Did you guys look at https://github.com/qubole/Hive-JDBC-Storage-Handler
and discussed the pros/cons/similarities of the qubole approach

On Thu, Apr 26, 2018 at 4:01 AM, Elliot West <te...@gmail.com> wrote:

> Hello,
>
> At the 2018 DataWorks conference in Berlin, Hotels.com presented Waggle
> Dance <https://github.com/HotelsDotCom/waggle-dance>, a tool for
> federating multiple Hive clusters and providing the illusion of a unified
> data catalog from disparate instances.
>
> We’ve been running Waggle Dance in production for well over a year and it
> has formed a critical part of our data platform architecture and
> infrastructure.We believe that this type of functionality will be of
> increasing importance as Hadoop and Hive workloads migrate to the cloud.
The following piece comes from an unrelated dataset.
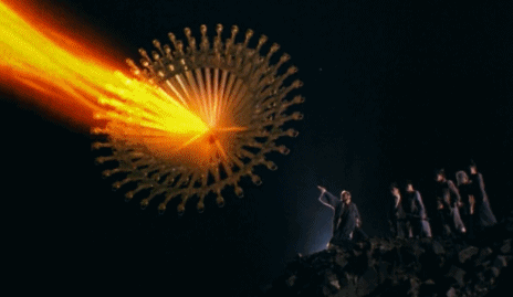 劍陣PK鐳射光,為保持視覺構圖,竟將畫面上的演員“定格”,再把特技鏡頭嵌進畫面裏,在當年來説,聰明。

> While Waggle Dance is one solution, significant benefits could be realized
> if these kinds of abilities were an integral part of the Hive platform.
>
> If this sounds of interest, I've created a proposal on the Hive wiki. I've
> outlined why we think such a feature is needed in Hive, the benefits gained
> by offering it as a built-in feature, and representation of a possible
> implementation. Our proposed implementation draws inspiration from the
> remote table features present in some traditional RDBMSes, which may
> already be familiar to you.
>
> https://cwiki.apache.org/confluence/pages/viewpage.action?pageId=80452092
>
> Feedback gratefully accepted,
>
> Elliot.
>
> Senior Engineer
> Big Data Platform Team
> Hotels.com
>